[Record set Boundary: Start]

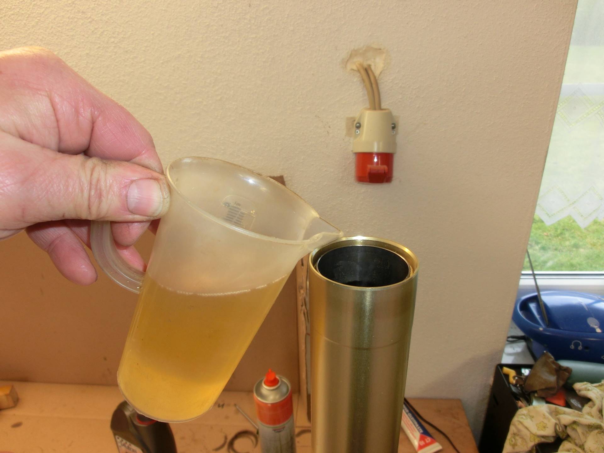 Die obere Veschlusskappe hatten wir ja bereits gelöst, so dass sie jetzt einfach herausgedreht werden kann. Dies geht anfangs etwas stramm, weil die Kappe im Inneren mit einem O-Ring gegen das Standrohr abdichtet.
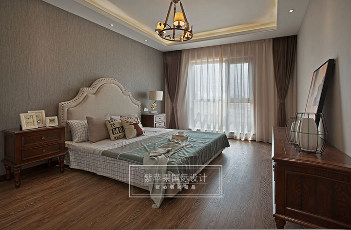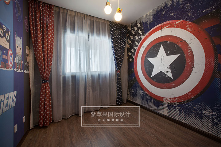 客廳餐廳及樓上主人的獨立生活空間整體風格都是充滿個性的工業(yè)風,而長輩房和兒童房卻貼心考慮到住者的年齡和心理需求。長輩房整體變化為溫馨素雅的淺色,家具、床品乃至燈飾皆有變化,觸感更加細致貼心。而兒童房超級隊長的主題風格充滿童趣和天真,十分贏得家中寶貝喜歡。
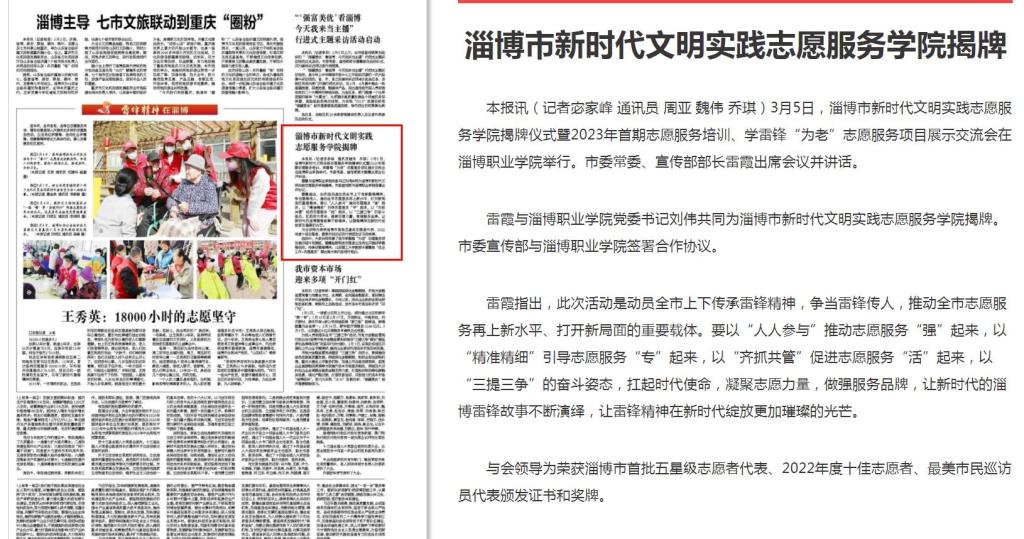 本报讯(记者 宓家峰 通讯员 周亚 魏伟 乔琪)3月5日,淄博市新时代文明实践志愿服务学院揭牌仪式暨2023年首期志愿服务培训、学雷锋“为老”志愿服务项目展示交流会在淄博职业学院举行。市委常委、宣传部部长雷霞出席会议并讲话。
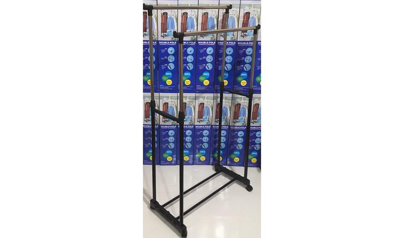 Трубки стійки Double Pole Clother Hose виготовлені з алюмінію, порожнисті всередині, тому стійка навіть у складанні важитиме не більше 1,5 кг. Пластикові заглушки на кінцях труб, що випирають, зібраної конструкції, захистять одяг і запобігають випадковому падінню одягу якщо він буде просто накинутий на стійку. Великим плюсом стійки для одягу Double Pole Clother Hose є наявність невеликих коліщатків, завдяки яким Ви зможете пересунути стійку навіть повністю завішаний одягом. Стійка Double Pole Clother Hose виконана двоповерховою, для впорядкування і нормального, компактного, розміщення одягу на ній. Бічні поперечні планки зручні для розміщення на них, наприклад, випрасуваних штанів. Найкраще для стійки використовувати вішалки, так що одягу можна розмістити в рази більше. Переваги стійки для одягу Double Pole Clother Hose: Достатньо габаритна, для розміщення більшої кількості одягу; Компактна, у глибину, для збереження простору; Має легку вагу; Легка та досить швидка збірка; Не потребує використання додаткових інструментів (тільки руки); Завдяки коліщаткам - легко транспортується навіть завантаженою; Подвійна стійка; Поперечні невеликі перекладини; У нижній частині стійки – невелика поличка для взуття; Пластикові заглушки на труби. Характеристики стійки для одягу Double Pole Clother Hose: Висота регулюється; Висота: мінімальна 95 см; максимальна 157 см; Ширина: 78 см; Глибина: 42 см; Вага: 2,5 кг. Комплектація: 6 великих труб діаметром 25 мм; 4 середніх труб, діаметром 22 мм; 2 малі труби, діаметром 19 мм; 6 маленьких коротких трубочок, діаметром 22 мм; 2 ніжки-стійки (пластикові); 4 колеса (кріпляться за бажанням); 8 Т-подібних кріплень; 4 заглушки; Картонна коробка для перенесення та зберігання
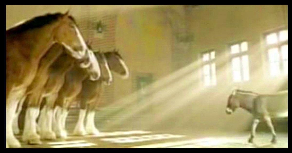 In the video, the donkey sets his sights on strutting with the big guys, and in this commercial, he outlines his game plan to become one of them. The donkey explains his goal and states the obvious: he wasn’t born a Clydesdale. But he also isn’t going to let that interfere with his dreams.
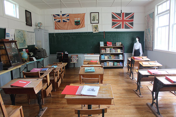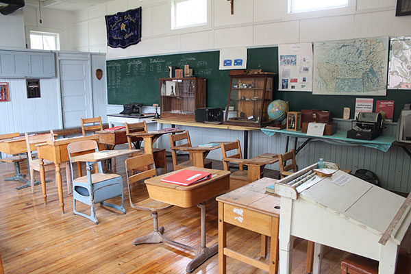 Interior of the former Bell School at the Manitoba Dairy Museum (August 2022)
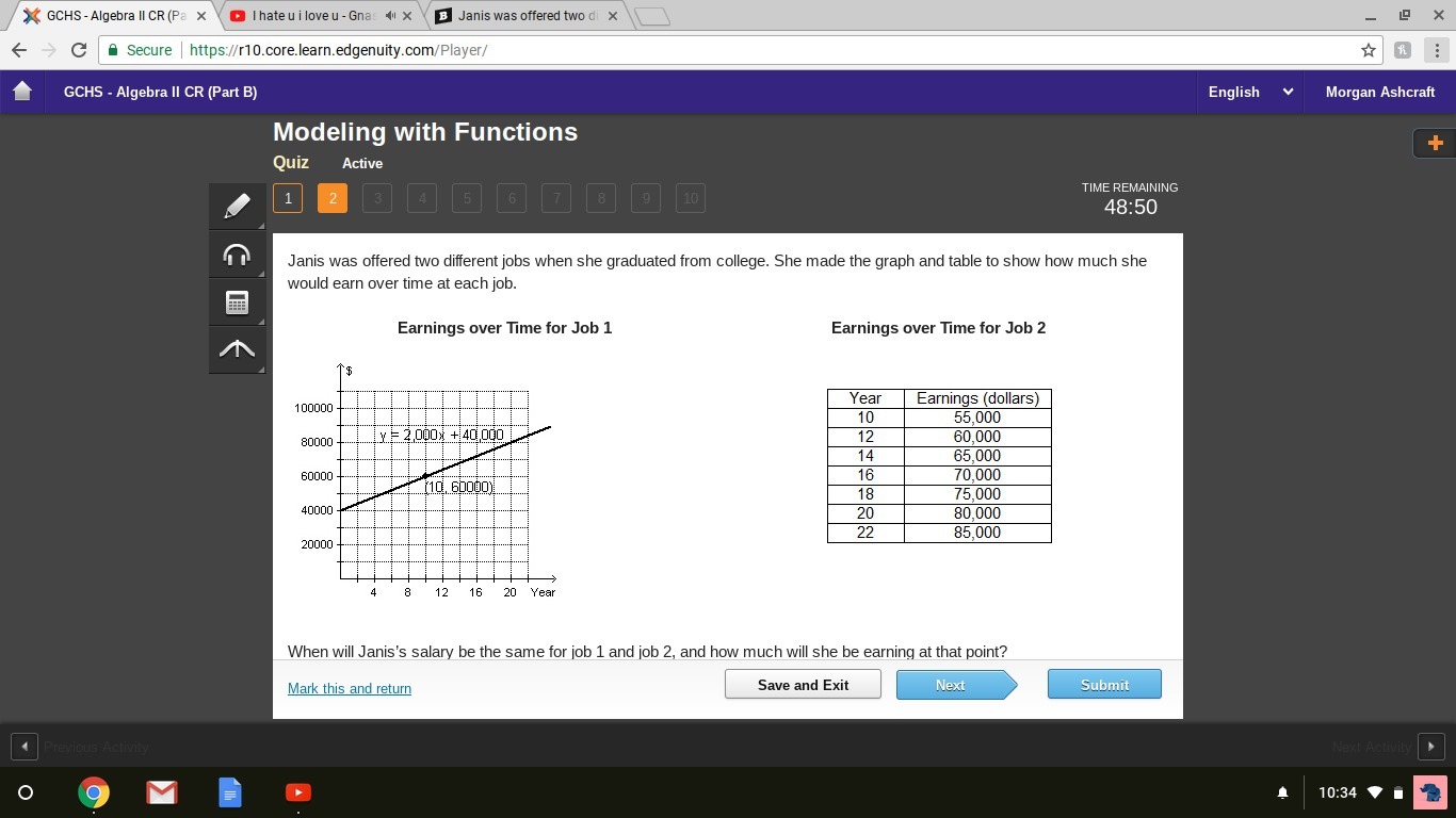 Janis was offered two different jobs when she graduated from college. She made the graph and table to show how much she would ea
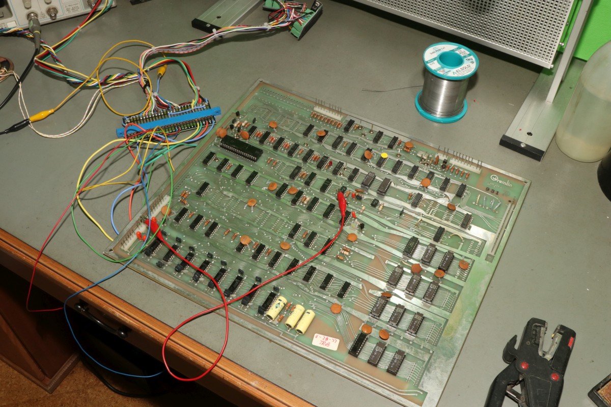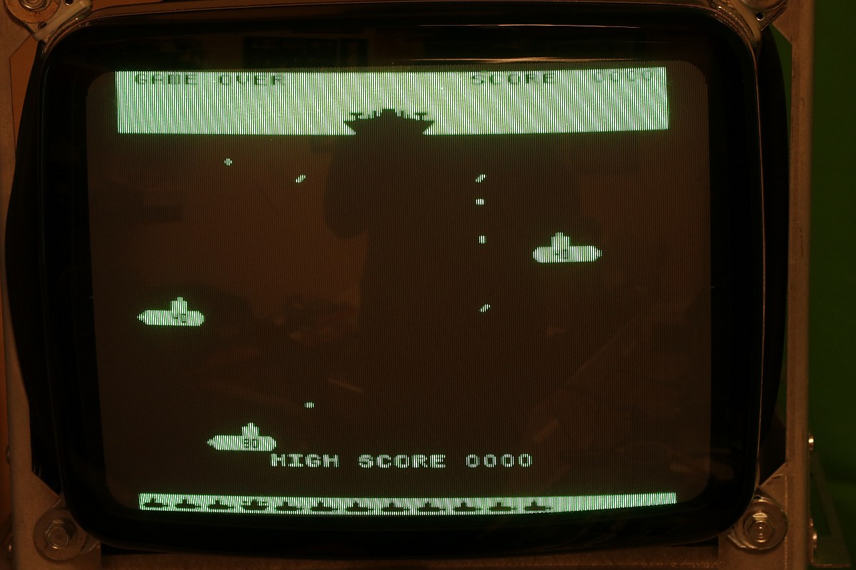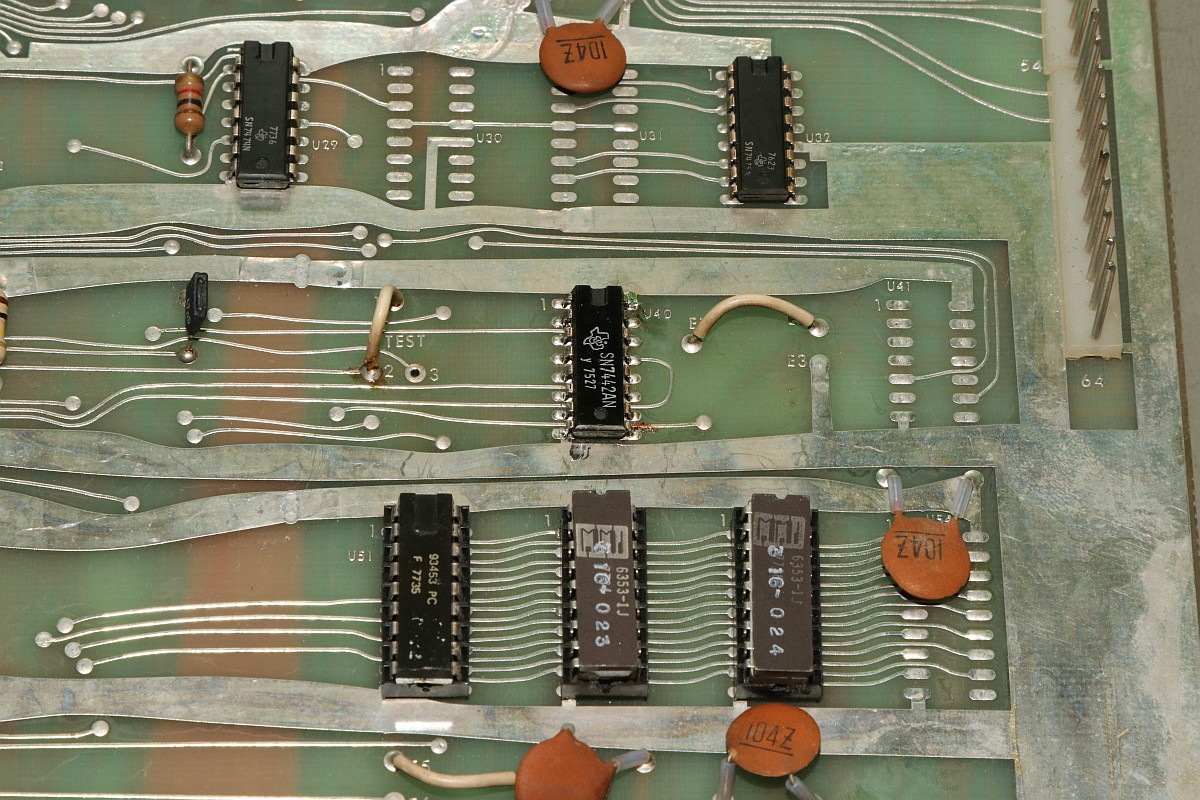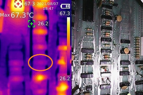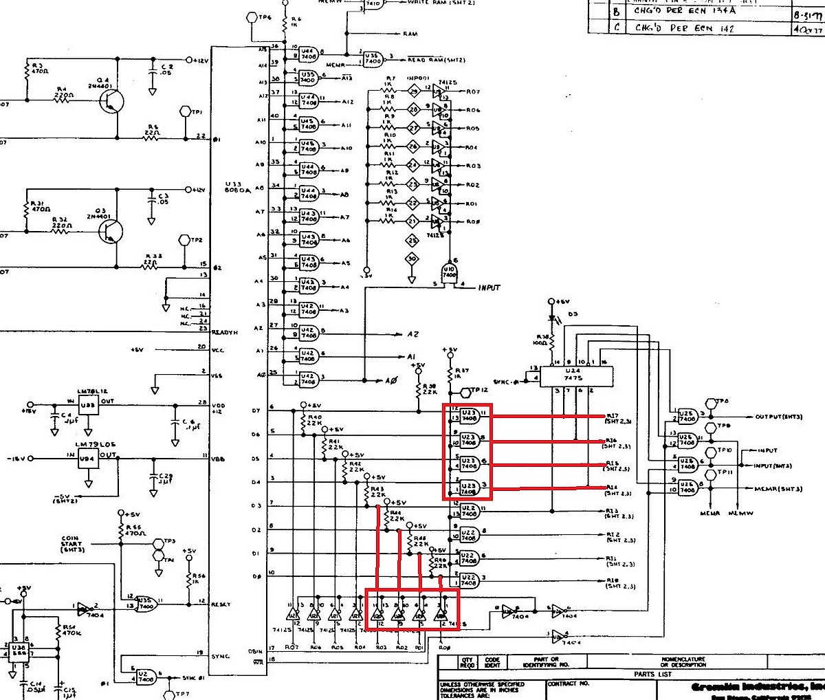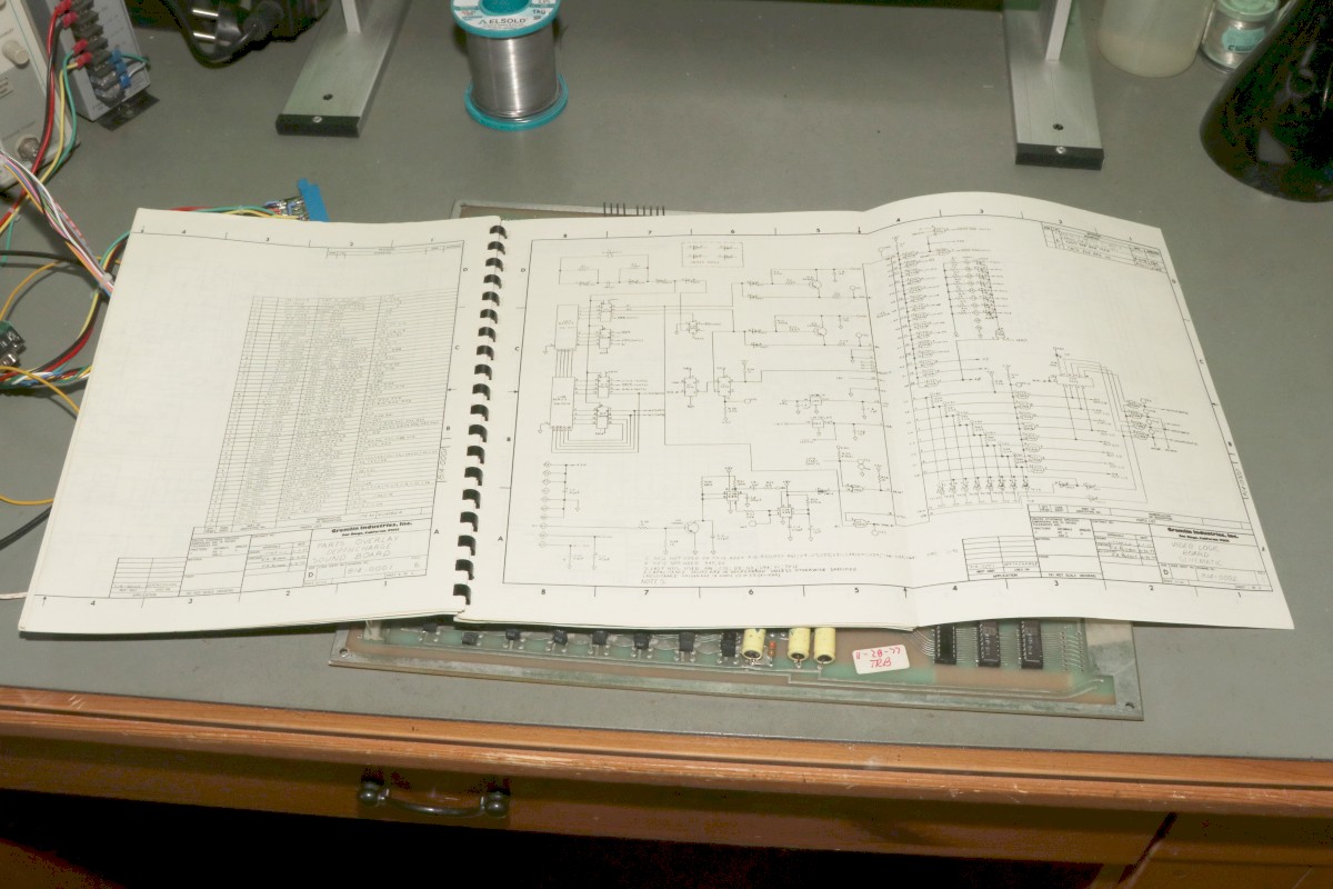 {SEGA Gremlin Depthcharge} In MAME als Dual VIC Game geführt - aber so alt, dass es noch keinen eigenen Videochip hat: ein Gremlin U-Boot-Spiel der ganz frühen Sorte von 1977. Der Prozessor: ein Intel 8080 und das Programm noch in bipolaren PROMs versteckt, das haben nur ganz wenige Arcade-Spiele. Und Gremlin nannte sich auch noch nicht SEGA. Die Programmbank - 12 Stück BPROMs anstelle von EPROMs - die erzeugen gut Abwärme! Ein Satz Video-RAMs... Die 8080 CPU mit diversen Bustreibern drum herum... Gremlin - ich mag das Logo und die Spiele sowieso! Die zwei üblichen Sequence und Control-BPROMs - hier mit den frühen Nummern 316-013 und 316-0014 Und eine der wenigen Reparaturen mit beigelegtem original-Manual! Da macht es doch gleich viel mehr Spaß! Erst mal ein Grundaufbau - Depthcharge hat Besonderheiten, was die Spannungsversorgung betrifft: an den Pins wird vorausgesetzt, dass 5V und +/-15V vorhanden sind. Aus den +/-15V werden über zwei kleine Linearregler auf der Platine die +12V / -5V für die Versogrung der CPU und der RAMs abgeleitet! Die +/-15V sind für den Audio-Teil da, bei der Reparatur kann man darauf erst einmal verzichten. Die -5V/+12V speise ich auf der Platine hinter den Linearreglern ein. Der Takt taktet schon mal taktvoll... Reset zappelt wie blöd, kann aber über den Antenneneingang auf der Platine stillgelegt werden. Leider läuft das Programm nicht richtig los... CSYNC kann man sich auf auf der Platine klauen, somit ist das Spiel erst mal vollständig JAMMA-fiziert. Da Bild ist statisch... Hier sieht man die Antenne-Reset-Beruhigung... Die Bustreiber rund um die CPU treiben nicht mehr so gut... Ein 7408 ist völlig platt... Die Huckepacklösung hilft: Der Datenbus sieht plötzlich sinnvoller aus. Ein weiterer 7408 im Datenbus zum Video-RAM ist ebenfalls tot: Danach ist zumindest das Videobild etwas sauberer, die CPU läuft trotzdem noch nicht richtig. Ein 74125 ist auch sehr schlapp, den muss ich ersetzen, hab aber keinen Ersatz da. Also auf die Bestellung warten! Zumindest hab ich den 74LS08 schon mal eingelötet... Ein interessantes Detail: die Thermokamera enthüllt die Faulheit eines der beiden 7408 Datenbustreiber. Der defekte (rot eingekringelt) Treiberbaustein bleibt kalt, während der baugleiche darüber doch etwas wärmer wird. Bleiben Sie gespannt! {Ich krieg dich!} O.K:, das Programm läuft nicht. Mögliche Ursachen: CPU defekt (Tausch bringt nichts), ROMs defekt (alle ausgelesen, alle O.K.), Adressbus korrupt (hier ist alles O.K.), Datenbus korrupt (hab schon die 7408 und den 74125 gewechselt...), Chip Selects... Da sieht es bei einem Select nicht wirklich gut aus: der High-Side-Treiber der Push-Pull-Ausgangsstufe ist platt an CS#0. Der 7442 muss getauscht werden! Datenbus korrekt! Chip Select korrekt! (Hier ist es mir das erste Mal gelungen, einen uralten TTL-Baustein mit einem noch älteren Ersatz zu tauschen! Quasi NEOS - "New Extremely Old Stock") Vier TTLs getauscht... ... und es hat sich gelohnt!!! Doll abwechslungsreich ist das Game nicht, aber es ist ein uraltes Stück Arcade-Geschichte! Wen es interessiert: hier sind die bösen Buben im Schaltplan zu finden. |

[Record set Boundary: End]

_Problem details_:
Restate the material word for word from its first line through the line containing "本报讯(记者 宓家峰 通讯员", both included; the pictures do not belong in it.

_Response_:
 Die obere Veschlusskappe hatten wir ja bereits gelöst, so dass sie jetzt einfach herausgedreht werden kann. Dies geht anfangs etwas stramm, weil die Kappe im Inneren mit einem O-Ring gegen das Standrohr abdichtet.
 客廳餐廳及樓上主人的獨立生活空間整體風格都是充滿個性的工業(yè)風,而長輩房和兒童房卻貼心考慮到住者的年齡和心理需求。長輩房整體變化為溫馨素雅的淺色,家具、床品乃至燈飾皆有變化,觸感更加細致貼心。而兒童房超級隊長的主題風格充滿童趣和天真,十分贏得家中寶貝喜歡。
 本报讯(记者 宓家峰 通讯员 周亚 魏伟 乔琪)3月5日,淄博市新时代文明实践志愿服务学院揭牌仪式暨2023年首期志愿服务培训、学雷锋“为老”志愿服务项目展示交流会在淄博职业学院举行。市委常委、宣传部部长雷霞出席会议并讲话。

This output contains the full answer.